In the summer of 2014 MeCCSA funded research into the changing higher education environment experienced by media, communications and cultural studies departments. Through a survey and interviews1 the research explores and evaluates changes to admissions and recruitment processes and practices; strategic considerations around curriculum development and staffing and the consequences of the ever-increasing importance being placed on the research ‘impact’ agenda for departments in these fields. The study examines how the new expectations around income generation, market-driven competition, and the adaptation to ‘student demand’ and ‘efficiency requirements’ have influenced the overall teaching and research environment within departments that fall under MeCCSA’s remit. The report is still being drafted but below we offer an indication of the emerging findings.
Background and issues
The study was undertaken against a backdrop of the recent dramatic shifts in government policy and funding structures in UK higher education. The removal of the block teaching grant for subjects in arts, humanities and social sciences, along with the implementation of undergraduate student fees up to £9,000 in 2012/13, and the surprise announcement that government-imposed recruitment caps on student numbers will be lifted from 2015/16 have introduced a sea-change in the way higher education is conceptualized, organized and delivered in England.2
Alongside these changes student numbers have increased across the board, with overall participation increasing from 3.4% in 1950, to 8.4% in 1970, 19.3% in 1990 and 33% in 2000 In 2013, 496,000 (nearly 40% of young people) got a full-time place at university resulting in a total higher education student population of about 2.5 million (Bolton 2012, Coughlan 2013). Latest UCAS figures for the most recent 2014/15 intake shows a further increase of around 3% (UCAS 2014). Students studying media and journalism courses represent a small but mighty portion of this growth: in 1996/97 there were approximately 7,605 full-time undergraduate students in these subjects and by 2012/13 that number had risen to 35,490 – a 4-fold increase. This does not include the further 30,485 students enrolled in ‘Mass Communication and Documentation’ degrees in 2012, a subject area that also includes librarian and information services alongside media and communications (Golding and Murdock 2014).

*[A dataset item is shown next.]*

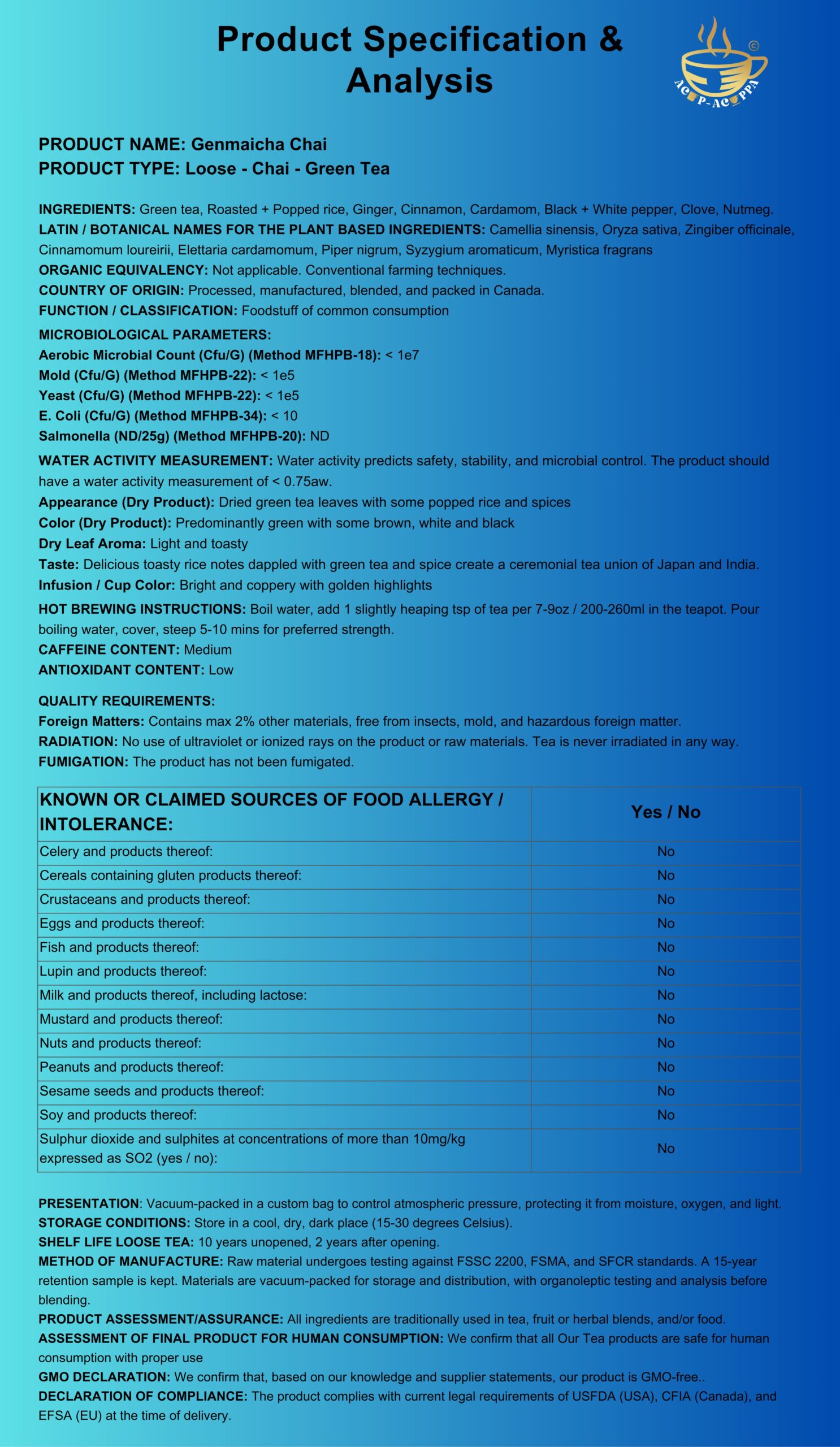 Luxury Ingredients: Green tea, Roasted + Popped rice, Ginger, Cinnamon, Cardamom Black + White pepper, Clove, Nutmeg.

The changes to HE funding were justified as representing a substantial saving to the public purse and ensuring the health and sustainability of a viable mass higher education system. However, the outcome has been an increase in public spending due to the estimated non-repayment on student loans. Original estimates pegged the Resource Accounting and Budgeting (RAB) charge – the estimated portion of loan outlay to students that will never be repaid – at 28%. This has increased several times, and is now sitting as high as 45% and still climbing (Morgan 2014), representing billions of lost income for future governments and a funding system that would seem set to implode. Student debt is skyrocketing, with the first cohort for whom full fees were a reality set to graduate with income-contingent loan repayments that require paying for the next 30 years. There is wide-spread concern that this will lead students to view their education in purely instrumental terms; seeking degrees that provide the highest rate of return for their very expensive investment. This is leading to an ever-more highly regulated, bureaucratic and audit-driven system underpinned by ever-increasing frustration and some confusion by those dealing with the consequences within the sector (McGettigan 2013).

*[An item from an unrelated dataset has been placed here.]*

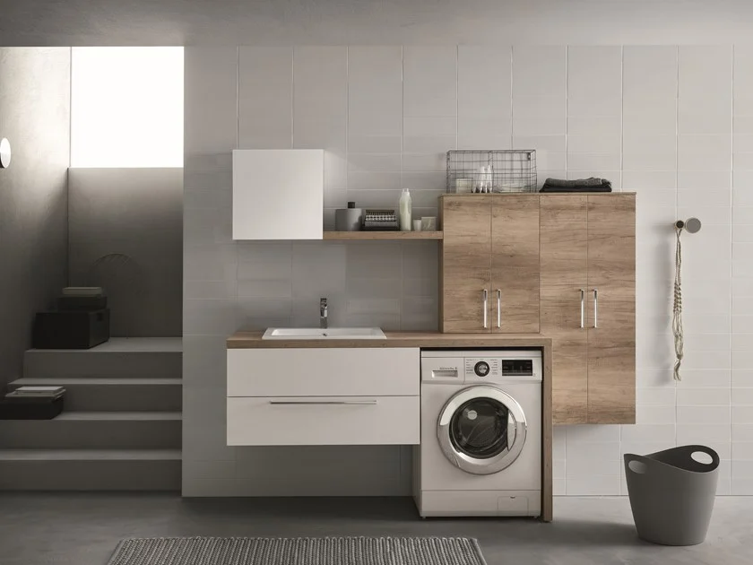 - For comfortable use of the sink and washing machine, it is best to buy a washing machine with a width of about 40 cm and a sink with a width of 50 cm.

The institutional uncertainty that has resulted from the rapid implementation of these policies has also seen many HEIs3 losing £40-50 million from their annual budgets within just a few years (McGettigan 2013). UCAS’s report for 2013 recruitment shows that the bounce-back in overall recruitment after the introduction of student fees was unevenly distributed between institutions with changes of between minus 20 per cent and plus 20 per cent being common (UCAS 2013). This unevenness is further exacerbated by fluctuations across subjects within institutions. The general trend is to the benefit of larger, wealthier institutions (i.e. those with turnovers three times the mean of the rest) (McGettigan 2013).

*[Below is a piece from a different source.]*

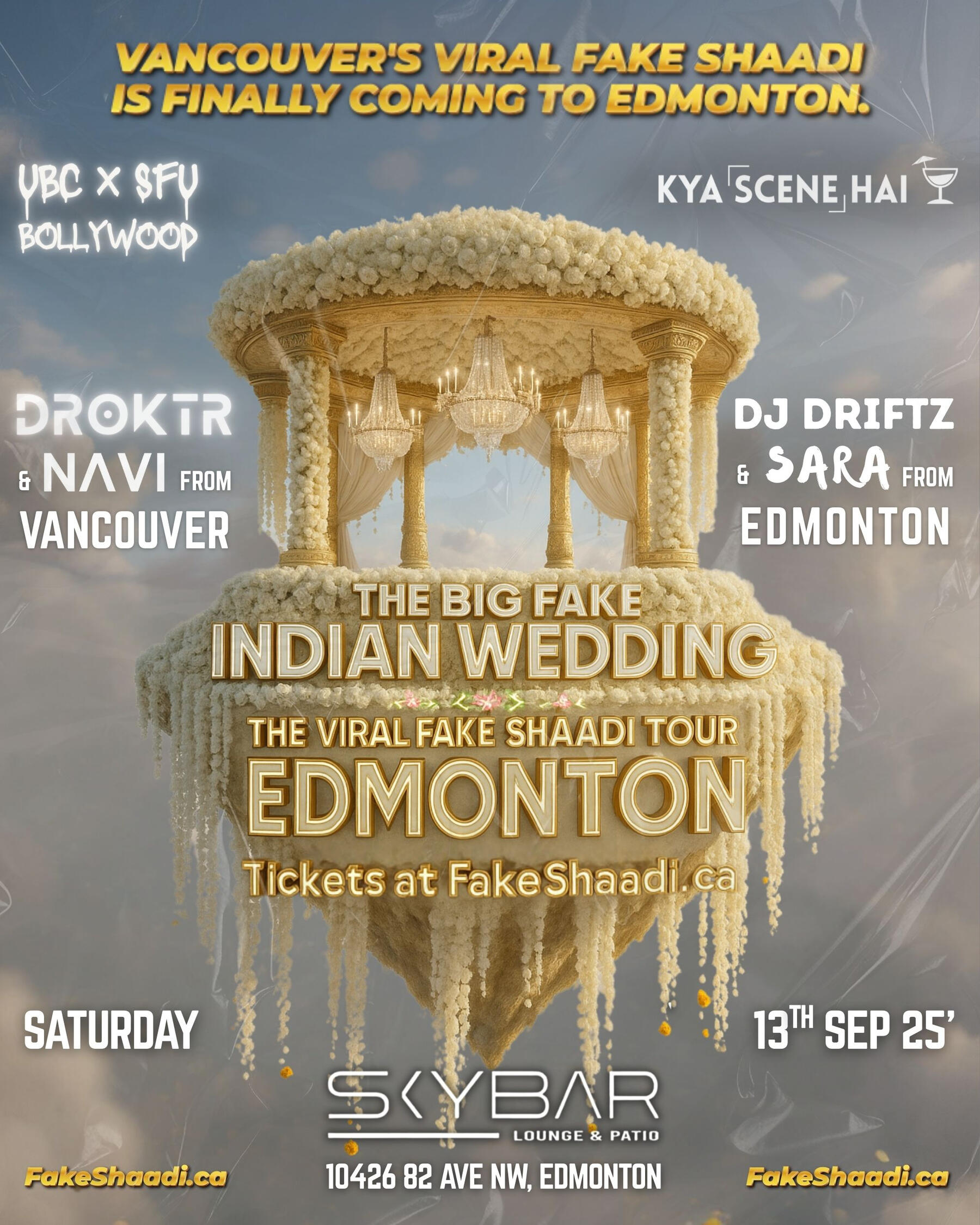 After back-to-back SOLD-OUT chaos with FAKE SANGEET and THE BIG FAKE INDIAN WEDDING in Vancouver… we’re hitting the road.This is FAKE SHAADI: WESTERN CANADA TOUR 2025 — one fake bride, one fake groom, and thousands of real Bollywood lovers ready to party like it’s a cousin’s wedding on steroids.Expect dhol, dance-offs, free mehndi & mithai, wild baraat entrances, and that “only at a shaadi” kind of energy… but bigger, louder, and city after city.⭐ PARTNERING POWER ⭐

Moreover, universities are now experiencing the effects of a wholesale marketisation of education, and the results at ground level are unsettling. Brown (2010) identified reasons why the marketisation of education, combined with reduced levels of spending per student, could have a negative overall effect on the quality of education provided:
- a reduction in the amount of learning due to changes in the size and nature of the curriculum;
- less contact time with overworked academic staff;
- higher staff/student ratios in lectures in seminars;
- more students working during term-time;
- a growing tendency for degrees to be valued for their ‘exchange’ value, particularly in the labour market, rather than their ‘use’ value to the student;
- students adopting a more instrumental approach to their education, putting more focus on work that will get them higher marks;
- and finally a diversion of resources away from areas that might improve teaching in favour of those that might better benefit marketing and recruitment such as the development of the estate and promotional media (Brown and Carasso, 2013)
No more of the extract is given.